Se había desnudado a pesar de las estrías en las nalgas y las caderas afiladas, las costillas y los codos prominentes; de la única luz desplomándose sobre ese cuerpo contraído, de la atención que más de uno le dispensaba. Había gemido bajo los azotes y las bofetadas. Se había humillado y de rodillas sintió el rostro cubierto y tibio de asco.
Sin apenas limpiarse (lo tenía prohibido), temblando, un hilo de sangre endureciéndose ya en el hombro izquierdo, se vistió y sonrió entre las sombras. Entonces lo dijo como si mordiera las palabras para que no escaparan.

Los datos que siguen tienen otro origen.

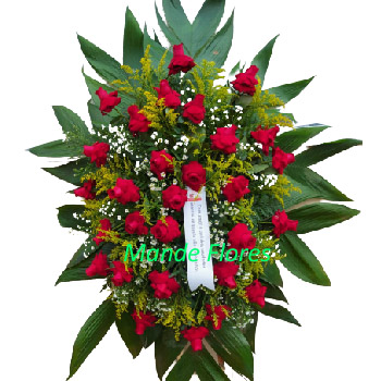 Coroa pra velório disponível para entrega. Coroa com rosas vermelhas entregamos nos velórios em Curitiba. A Floricultura MANDE FLORES oferece os melhores preços. Entregamos coroa de flores no cemitério de Fazenda Rio Grande.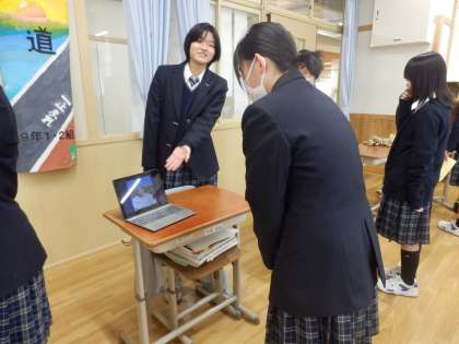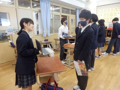8,9年生が英語の授業内に交流をしました。9年生が作成した尊敬する人物についてのプレゼンテーションを8年生が聞き,コメントをしました。9年生はスライドを使って8年生に質問しながら発表していて,8年生はプレゼンの内容を理解をしていたようです。8年生とって1年後のモデルとして,参考になる工夫がたくさんありましたね。9年生にとっても,とても良い発表の機会となりました。

La frase se disolvió en el aire; y sin embargo, estaba dicha. Siguió, como siempre sigue, un instante de silencio, que no es estupefacción ni sorpresa, sino la pausada cocción del desprecio. Después el reclamo sobrio. Y un nuevo silencio.
Se avecindaron las disculpas; el remordimiento que, por definición, siempre viene tarde, cauda que arrastran los errores. Y ahí estaba, con las mejillas ardientes, el frío lamiéndole la espalda, las piernas pesadas aunque débiles.
Y lenta se va, y no vendrá más con sus manos feroces. Se va con una frase disuelta que la guía y la persigue, con los muros que ya amasan distancia a su espalda, mientras la ve irse y la sangre se le esconde lejos de la piel.